▼

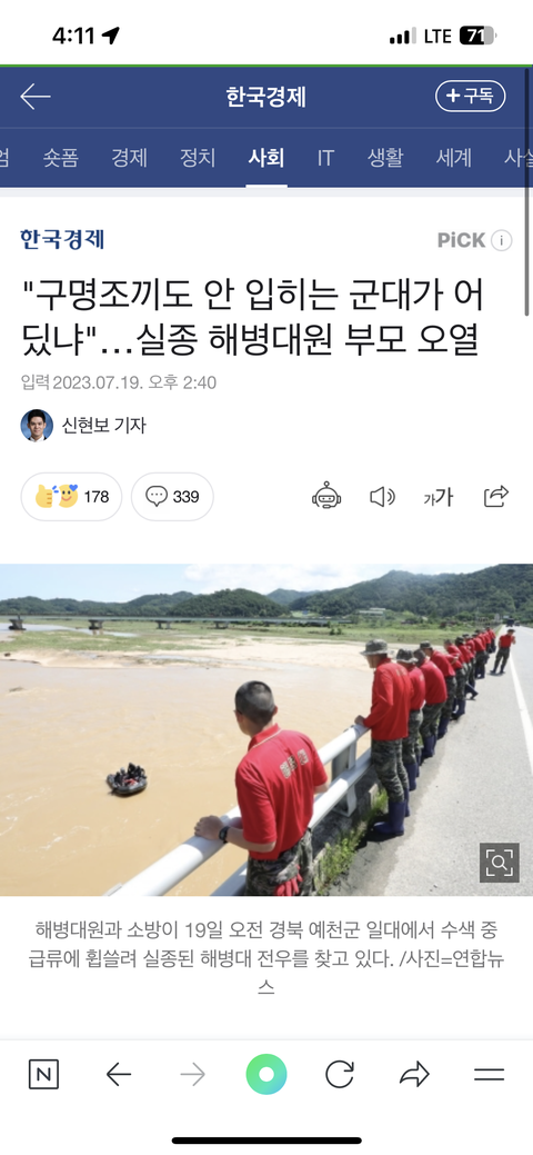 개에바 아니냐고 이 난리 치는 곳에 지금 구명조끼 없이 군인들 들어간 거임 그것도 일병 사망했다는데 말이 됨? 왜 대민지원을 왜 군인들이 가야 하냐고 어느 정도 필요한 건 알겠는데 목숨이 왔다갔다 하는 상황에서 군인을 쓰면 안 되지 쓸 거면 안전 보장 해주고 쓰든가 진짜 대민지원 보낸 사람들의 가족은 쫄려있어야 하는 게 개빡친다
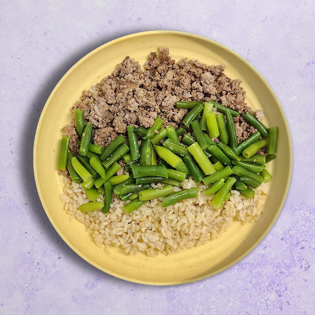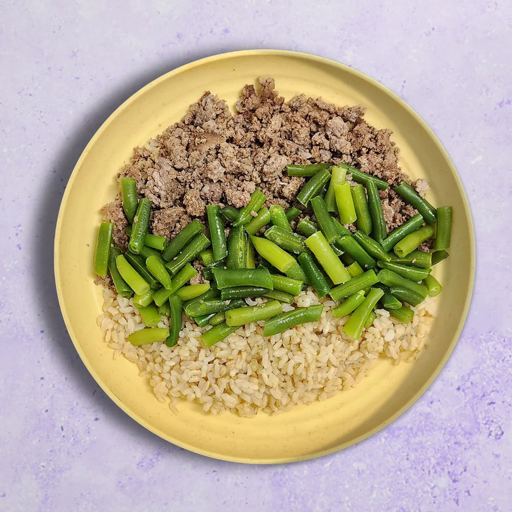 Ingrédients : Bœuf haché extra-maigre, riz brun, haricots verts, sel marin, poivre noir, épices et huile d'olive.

▲
▼

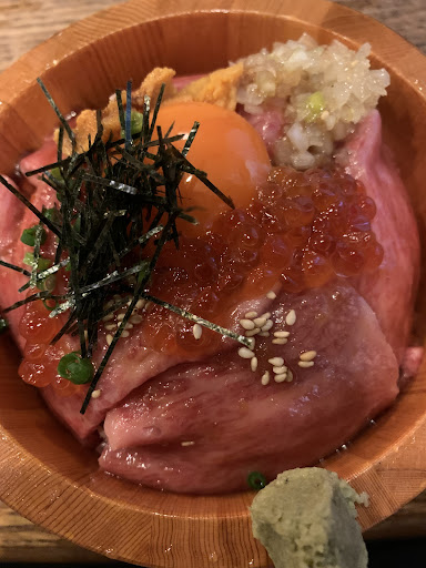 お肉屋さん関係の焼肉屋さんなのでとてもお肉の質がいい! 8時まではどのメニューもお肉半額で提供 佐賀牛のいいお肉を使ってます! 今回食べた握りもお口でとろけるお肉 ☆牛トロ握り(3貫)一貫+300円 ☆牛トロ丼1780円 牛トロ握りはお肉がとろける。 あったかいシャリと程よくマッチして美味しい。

▲

-- Activity --
Copy the listing above exactly, but only from the line with "개에바 아니냐고 이 난리" through the line with "Ingrédients : Bœuf", including those two lines and excluding any picture.

-- Your solution --
 개에바 아니냐고 이 난리 치는 곳에 지금 구명조끼 없이 군인들 들어간 거임 그것도 일병 사망했다는데 말이 됨? 왜 대민지원을 왜 군인들이 가야 하냐고 어느 정도 필요한 건 알겠는데 목숨이 왔다갔다 하는 상황에서 군인을 쓰면 안 되지 쓸 거면 안전 보장 해주고 쓰든가 진짜 대민지원 보낸 사람들의 가족은 쫄려있어야 하는 게 개빡친다
 Ingrédients : Bœuf haché extra-maigre, riz brun, haricots verts, sel marin, poivre noir, épices et huile d'olive.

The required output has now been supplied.